Another key research goal is the spatiotemporal positioning of other molecules through MinCDE pattern formation. Reconstitution of MinCDE together with FtsZ-YFP-MTS in rod-shaped microcompartments demonstrated the capability of the system to position a simplified division machinery for the creation of a life-like entity [80]. Moreover, the recent discovery that MinDE in the absence of MinC can transport and position arbitrary membrane molecules even increases its applicability for the bottom–up construction of a minimal cell [42, 91]. Spatiotemporal positioning is crucial for such an endeavor, and the decoupling of the spatiotemporal positioning from the specific function of a protein, in this case MinC, is advantageous. To create artificial cells, molecular machineries of prokaryotic, eukaryotic or entirely synthetic origin such as DNA origami will be combined. Such machineries could now be positioned by MinDE patterns.

Another new mechanic aspect of MinDE oscillations was recently discovered through encapsulation of the system in giant unilamellar vesicles, leading to the shape deformation of the lipid interface and thus, a periodic beating or bouncing of the vesicles [88]. These results might facilitate the engineering of bioinspired “molecular robots” or active vesicles [88].

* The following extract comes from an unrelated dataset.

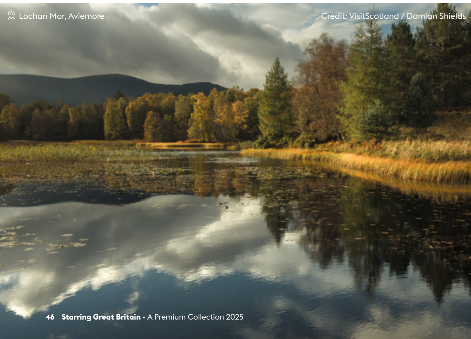
📍 Lochan Mor, Aviemore

In recent years, the production of minicells has regained considerable interest [226]. The MinCDE system, which is conserved in many bacterial species, constitutes one of the best studied targets to achieve efficient minicell production. Minicells are employed for cryo-electron tomography, where their small size and lack of chromosomal DNA are advantageous in the visualization of molecular arrangements [226]. Additionally, minicells emerged as a powerful tool for the personalized cancer medicine, due to their ability to shuttle chemotherapeutics and selectively target cancer cells via bispecific antibodies [180, 181].

Hence, the MinCDE system is presently applied both, in vitro and in vivo. In vitro, the MinCDE system is controlled by geometric and optical cues and used to spatiotemporally position not only its native target FtsZ, but also other membrane-bound molecules, or to induce shape changes of free-standing membranes. In contrast, in vivo, so far not the action of the MinCDE system, but its total absence is exploited for the production of minicells.

Conclusions

The compositional simplicity of the Min system, with only two proteins required for the formation of complex and oscillating patterns, makes it experimentally tractable and renders it suitable to be understood in depth. As such, MinDE have become a paradigm for pattern formation and for reaction–diffusion mechanisms in particular. With all tools in hands, in vivo observation and manipulation, in vitro reconstitution and in silico modelling, the field has thrived in the last years. By now, countless studies in vivo, in vitro and in silico deal with the MinCDE system, elucidating mechanistic details of the protein system itself, its coupling to pattern formation of downstream targets, or its applications. It further serves as an exquisite testbed to refine mathematical models by experimentalists and theoreticians teaming up.

The MinCDE system is closely related to nucleoid-guided ParA-type ATPases involved in every aspect of spatiotemporal organization in bacteria, and will hence allow to learn more about their mode of action, too. Furthermore, the system shows parallels to intracellular waves occurring in eukaryotes, that due to their compositional complexity remain enigmatic [161]. The ability of the MinDE system to spatiotemporally position other molecules through specific or non-specific interaction is appealing for the bottom–up construction of artificial cells.

Last but not least, it is also the mesmerizing dynamics of the MinDE patterns themselves that explains why the research on the MinCDE system has in the past years “kept many bacteriologists and biophysicists off the street” [124].